Barrow, Rathwire, Co. Westmeath
Co. Westmeath |
Barrows
What survives at Rathwire is difficult to read at first glance.
The earthwork presents itself as something resembling a miniature motte and bailey, the kind of fortified mound-and-enclosure arrangement associated with early Norman settlement, yet it almost certainly has no connection to that tradition. What you are looking at is most likely the damaged remains of a prehistoric burial monument, its original form so thoroughly altered by ploughing and levelling that even specialists, comparing field notes from the 1970s against nineteenth-century Ordnance Survey maps, have struggled to agree on what it once looked like. A heel-shaped basal platform, roughly twenty metres north to south, carries a steep-sided circular mound at its southern end with a flattened top. On the eastern face, a narrow indent slopes upward with the appearance of a ramped entranceway, though a low ridge of earth just inside it effectively blocks any direct approach to the upper mound.
Fieldwork visits in April 1970 and April 1977 recorded a very different monument: two conjoined oval mounds set on a longer platform, themselves enclosed on the northwest, west, south, and southeast by an earthen and stone bank with a shallow, flat-bottomed fosse between bank and mound. By a third visit in May 1977, only weeks later, the outer bank had been completely removed and most of the northern mound demolished, presumably by farm machinery. The 1838 Ordnance Survey six-inch map had already recorded a heel shape at the site, but a close reading by David McGuinness, who surveyed the monument in 2015, suggests the surveyors may have been depicting the outer bank rather than the inner platform, and that the heel outline reflects the curve of the southwestern bank as it survived into the 1970s. A more detailed twenty-five-inch map, drawn later in the nineteenth century, shows a pear-shaped central element still largely intact, closer in form to what fieldworkers found in 1970. The current working interpretation is that the site was originally a pair of conjoined bowl-barrows, a type of prehistoric funerary mound typically circular and domed in profile, sharing an oval ditch, with a bank placed further out. Comparable paired arrangements survive more completely at Lakill and Moortown, also in County Westmeath.

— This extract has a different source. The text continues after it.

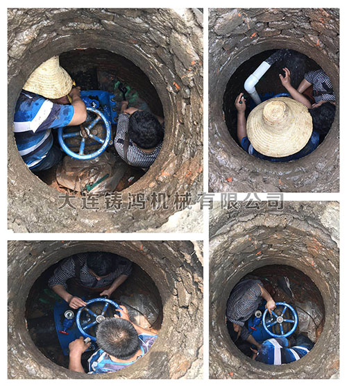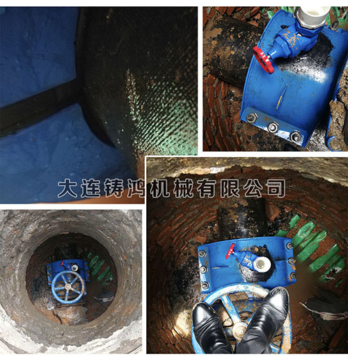 現(xiàn)場情況:閥門一側(cè)法蘭連接處有漏點(diǎn),此水管屬于重要供水線路,無法停水作業(yè);水管口徑300MM。使用法蘭修補(bǔ)器進(jìn)行帶壓堵漏,通水后無泄漏情況。

The monument sits on the southwestern edge of a hill spur, with the ground falling away sharply to the southwest. Approaching from that direction, it occupies what feels like a high point, though the actual ridge continues further north. The wider landscape around Killucan retains several related earthworks, including a cluster of barrows at Rathnarrow and Lisnabin, suggesting this was once a meaningful concentration of funerary monuments across elevated ground, even if much of the evidence at Rathwire itself has now been reduced to an ambiguous and overgrown mound.